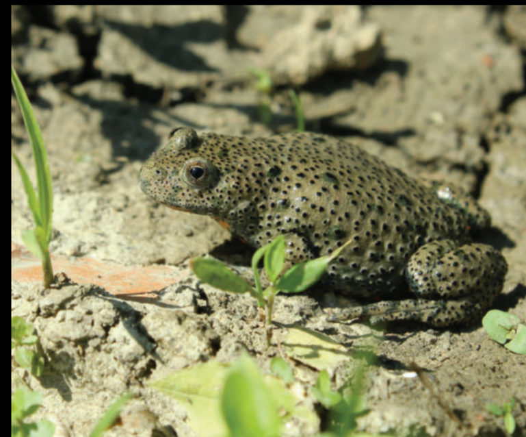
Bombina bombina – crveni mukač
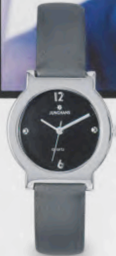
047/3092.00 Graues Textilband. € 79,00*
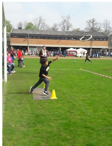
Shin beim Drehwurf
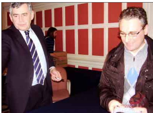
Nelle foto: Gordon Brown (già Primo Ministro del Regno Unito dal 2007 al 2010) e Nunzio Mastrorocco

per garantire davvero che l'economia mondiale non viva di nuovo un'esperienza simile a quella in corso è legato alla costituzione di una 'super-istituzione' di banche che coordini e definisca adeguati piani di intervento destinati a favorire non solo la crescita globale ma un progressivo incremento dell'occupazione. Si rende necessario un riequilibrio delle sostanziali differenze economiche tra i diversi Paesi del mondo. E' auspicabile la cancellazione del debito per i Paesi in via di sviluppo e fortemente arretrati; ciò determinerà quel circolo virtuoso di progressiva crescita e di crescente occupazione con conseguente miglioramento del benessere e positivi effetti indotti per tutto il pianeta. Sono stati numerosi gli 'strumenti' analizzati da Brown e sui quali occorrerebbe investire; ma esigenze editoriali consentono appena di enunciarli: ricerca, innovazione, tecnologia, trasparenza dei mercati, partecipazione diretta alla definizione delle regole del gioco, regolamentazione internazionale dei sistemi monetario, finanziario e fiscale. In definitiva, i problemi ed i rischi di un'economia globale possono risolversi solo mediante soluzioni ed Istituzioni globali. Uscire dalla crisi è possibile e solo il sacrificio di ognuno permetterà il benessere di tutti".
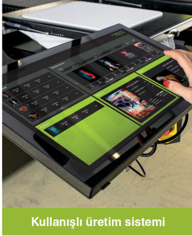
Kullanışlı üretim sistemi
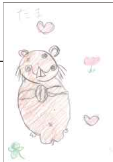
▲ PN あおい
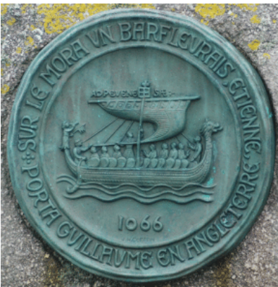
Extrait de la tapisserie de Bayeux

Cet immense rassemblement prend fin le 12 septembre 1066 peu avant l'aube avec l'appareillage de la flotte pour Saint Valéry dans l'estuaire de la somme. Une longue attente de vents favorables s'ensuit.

++++++++++++++++++++

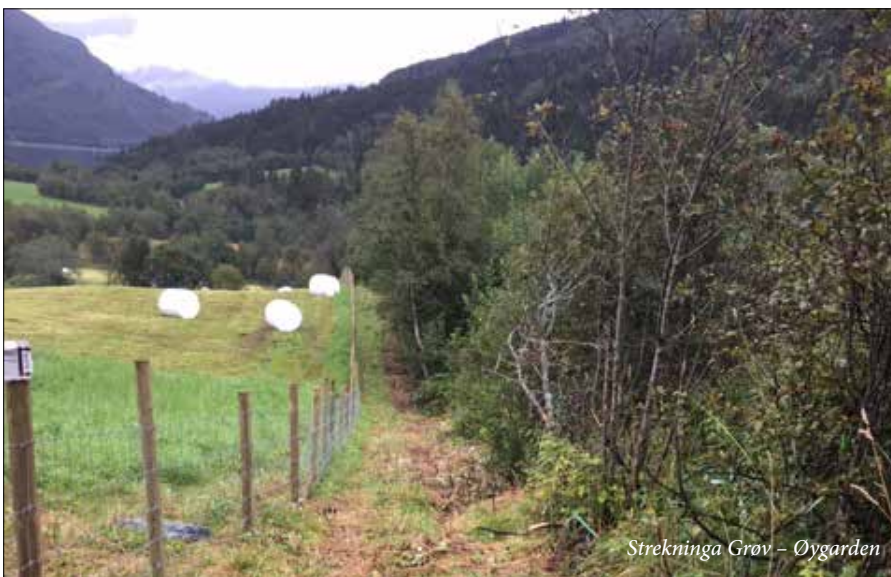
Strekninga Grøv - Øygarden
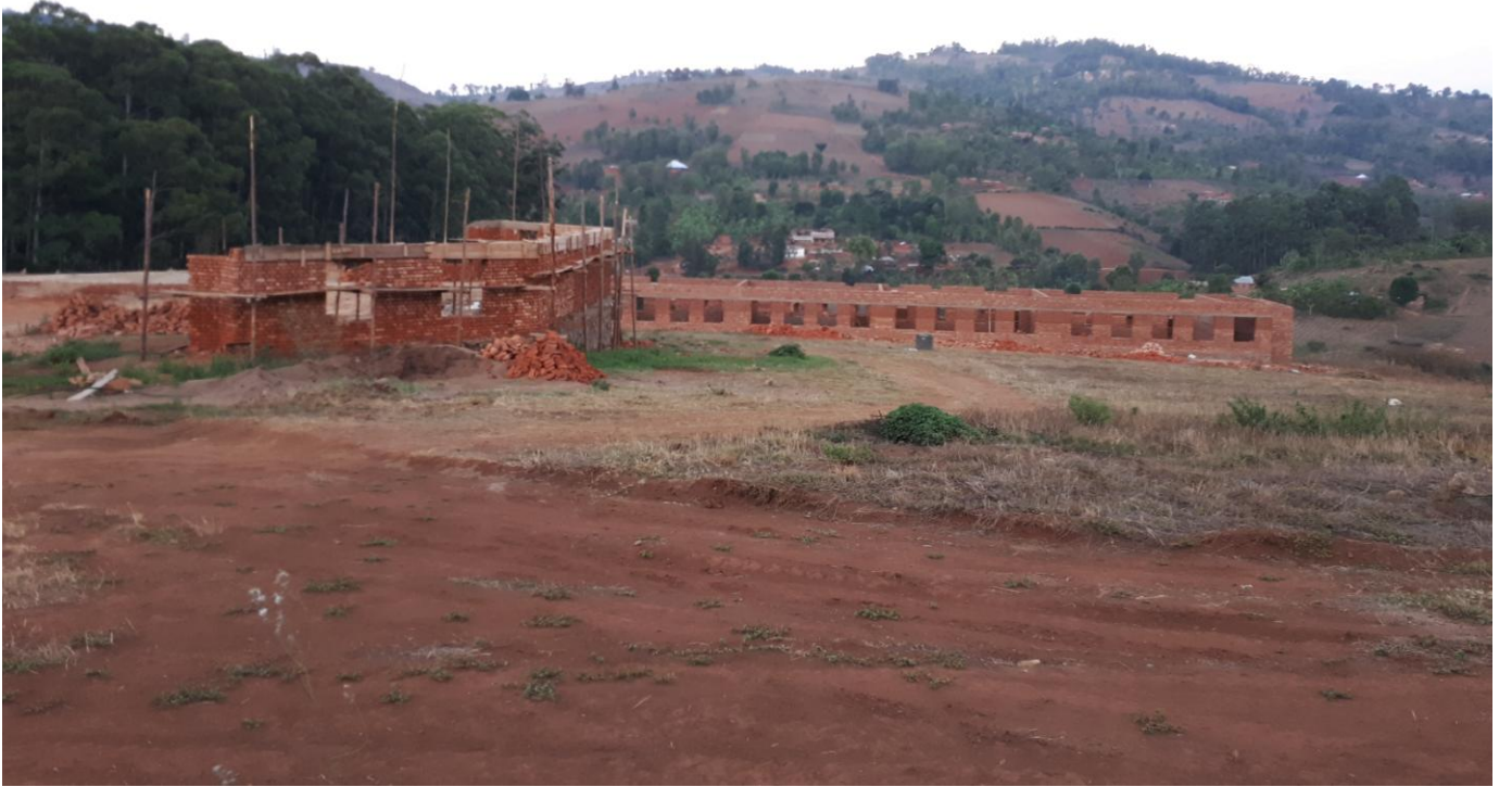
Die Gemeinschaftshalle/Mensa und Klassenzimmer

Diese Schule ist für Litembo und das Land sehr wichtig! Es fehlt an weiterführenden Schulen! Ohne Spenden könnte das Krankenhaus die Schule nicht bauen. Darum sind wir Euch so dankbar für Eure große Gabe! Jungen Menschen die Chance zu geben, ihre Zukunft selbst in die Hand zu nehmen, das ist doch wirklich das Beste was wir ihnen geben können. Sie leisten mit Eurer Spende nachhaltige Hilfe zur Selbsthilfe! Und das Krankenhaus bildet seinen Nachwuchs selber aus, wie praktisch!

++++++++++++++++++++

§ **PROMPT**
Transcribe each line of the data above, unaltered, from the one where "Die Gemeinschaftshalle/Mensa und" appears to the one where "Diese Schule ist" appears, inclusive of both.

§ **RESULT OF THIS EXERCISE**
Die Gemeinschaftshalle/Mensa und Klassenzimmer

Diese Schule ist für Litembo und das Land sehr wichtig! Es fehlt an weiterführenden Schulen! Ohne Spenden könnte das Krankenhaus die Schule nicht bauen. Darum sind wir Euch so dankbar für Eure große Gabe! Jungen Menschen die Chance zu geben, ihre Zukunft selbst in die Hand zu nehmen, das ist doch wirklich das Beste was wir ihnen geben können. Sie leisten mit Eurer Spende nachhaltige Hilfe zur Selbsthilfe! Und das Krankenhaus bildet seinen Nachwuchs selber aus, wie praktisch!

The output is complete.